13- La méthode de Galilée fonc­tionne éga­le­ment dans d’autres domaines. Par exemple, on peut s’en ser­vir pour éli­mi­ner les argu­ments actuels contre le maté­ria­lisme et pour mettre fin au pro­blème phi­lo­so­phique du dua­lisme corps/esprit (sans cepen­dant tou­cher aux pro­blèmes scien­ti­fiques cor­res­pon­dants).

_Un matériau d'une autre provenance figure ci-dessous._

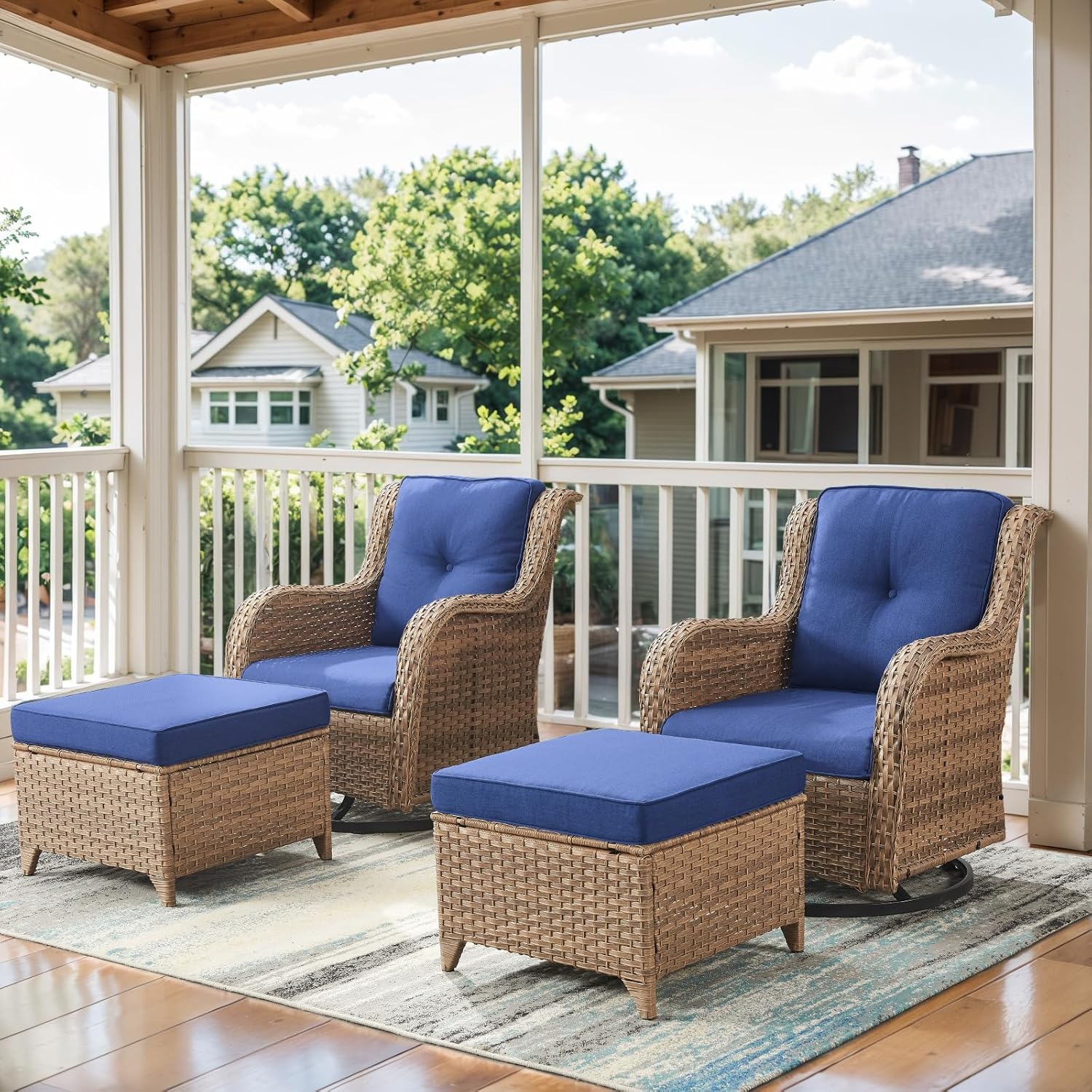 - Patio Furniture Set Introduction: The four-piece patio furniture set includes 2 swivel glider chairs and 2 ottoman, ottoman can not only be used to relax your legs, but also can be used as a small table or small stool. The swivel chairs can hold up to 350 pounds.

14- les résul­tats obte­nus jusqu’à pré­sent conduisent à pen­ser qu’on pour­rait abo­lir la dis­tinc­tion entre contexte de décou­verte et contexte de jus­ti­fi­ca­tion, et la dis­tinc­tion connexe entre termes d’observation et termes théo­riques. Ni l’une ni l’autre de ces dis­tinc­tions ne joue de rôle dans la pra­tique scien­ti­fique. Toute ten­ta­tive pour les ren­for­cer aurait des consé­quences désas­treuses.
15- En défi­ni­tive, la dis­cus­sion des cha­pitres 6 à 13 montre que la ver­sion pop­pé­rienne du plu­ra­lisme de Mill n’est pas en accord avec la pra­tique scien­ti­fique et détrui­rait la science telle que nous la connais­sons. Une fois la science don­née, le ration­nel ne peut être uni­ver­sel, et l’irrationnel ne peut être exclu. Ce trait de la science plaide pour une épis­té­mo­lo­gie anar­chiste. En recon­nais­sant que la science n’est pas sacro-sainte et que le débat entre la science et le mythe a ces­sé sans qu’il y ait eu de vain­queur, on donne plus de force encore à la cause de l’anarchisme.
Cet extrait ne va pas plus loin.